Considerar no ajustar en absoluto. Con suficientes observaciones, y si solo hace falta reproducir el rango ya observado, remuestrear la distribución empírica evita todos los problemas de extrapolación anteriores. Su limitación es exactamente la imagen especular: nunca podrá generar un valor mayor que el máximo. Conviene ajustar un modelo paramétrico cuando se necesita la cola más allá de los datos — y entonces dejar explícito que esa cola es un supuesto.

Ajustar marginales no es ajustar el proceso

Un fallo distinto, y más caro. Ajustar cada entrada por separado y muestrearlas de forma independiente descarta toda relación entre ellas. Si el tiempo de servicio y la tasa de llegadas se mueven juntos, si el retraso de hoy predice el de mañana, si dos componentes fallan por una causa común, las extracciones marginales independientes producirán una simulación demasiado bien comportada. Su varianza agregada quedará subestimada, y los escenarios extremos que justifican el modelo serán demasiado raros.

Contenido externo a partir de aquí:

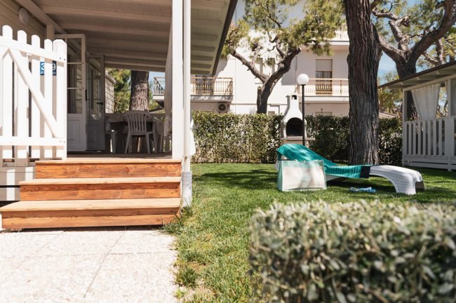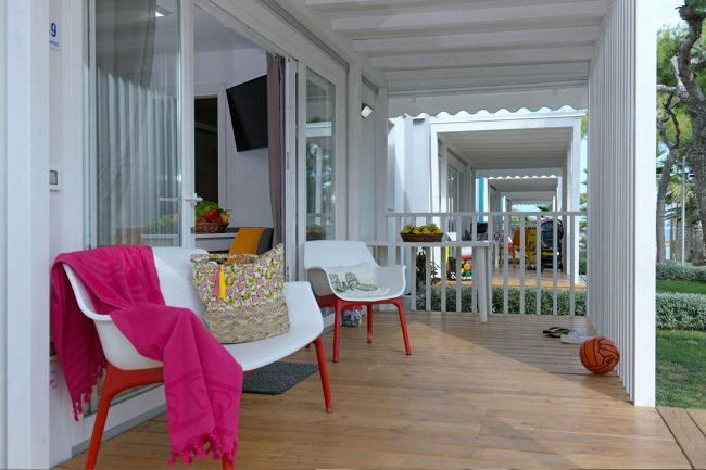 Area giorno con angolo cottura, camera da letto matrimoniale, camera con 2 letti singoli ed 1 a bandiera, bagno con doccia, Tv, climatizzatore e veranda esterna con giardino privato. Il alcune tipologie di Casemobili è presente l'asciugacapelli.

Ningún cuidado al ajustar las distribuciones individuales corrige esto. Hay que buscar correlación y autocorrelación en los datos originales antes de dar por bueno un modelo de marginales independientes.

Un protocolo de trabajo

  1. Ajustar, y leer el grupo de cabeza en lugar de la primera fila.
  2. Descartar todo lo que tenga un soporte incorrecto para el proceso.
  3. Comparar el comportamiento de las candidatas en los cuantiles que consume el modelo, no en la mediana.
  4. Ejecutar la simulación con cada candidata superviviente.
  5. Reportar la dispersión entre ellas como parte del resultado.
  6. Declarar por separado cuál es el supuesto sobre la cola y qué evidencia lo respalda, si es que hay alguna.

La distribución es una entrada del modelo, y una entrada incierta. Dar el ajuste por cerrado porque una prueba no lo rechazó desplaza esa incertidumbre fuera de la vista, no fuera de la respuesta.